Looks like volcanic (igneous). If it has gas bubbles then it's basalt.


----------



## JimA (Nov 7, 2009)

They might have some iron in them kinda hard to tell. I do like the shapes of them though!


----------



## pharrix (May 26, 2011)

thanks for the replies.


----------



## S14Swap240sx (Jan 3, 2011)

DanniGirl said:


> Looks like volcanic (igneous). If it has gas bubbles then it's basalt.
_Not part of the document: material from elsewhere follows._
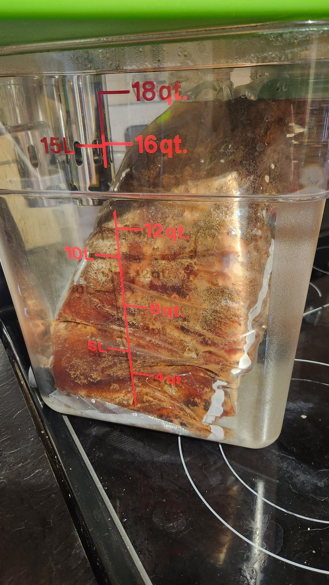 I then sealed and put in the bath for 24 hours at 135⁰f then 155⁰f for 12 hours

is something such as volcanic rock sutible for a typical peacock hap tank?


----------



## DanniGirl (Jan 25, 2007)

Depends what type of volcanic rock. There are four types, basalt being the most common. The rougher the texture, the more problematic it could be for the fish. With that said, a few pieces wouldn't be an issue in a peacock/hap setup.


----------



## Mike_G (Nov 8, 2011)

I think a little clarification may be warranted here.
Igneous (volcanic) rock is one of the 4 types of rocks (igneous, metamorphic, sedimentary, and specific)- there are two main types of igneous rock, intrusive and extrusive, but there are several different varieties of igneous rock including (but not limited to) basalt, granite, pumice, andesite, rhyolite, obsidian, and scoria (aka "lava rock")

I'd try to stick with granite and basalt, and would avoid pumice (too soft), scoria (too rough), and obsidian (too sharp)

Just my .02


----------



## cichlid-gal (Apr 27, 2012)

here's a link (hope this works as I've not used this option before) to help with identification of igneous rocks and there is even a little test at the bottom of the page with pics of different types....my basalt looks like the basalt in pic/test #1

http://facweb.bhc.edu/academics/science/harwoodr/geol101/labs/igneous/

Nice looking :thumb: layout


----------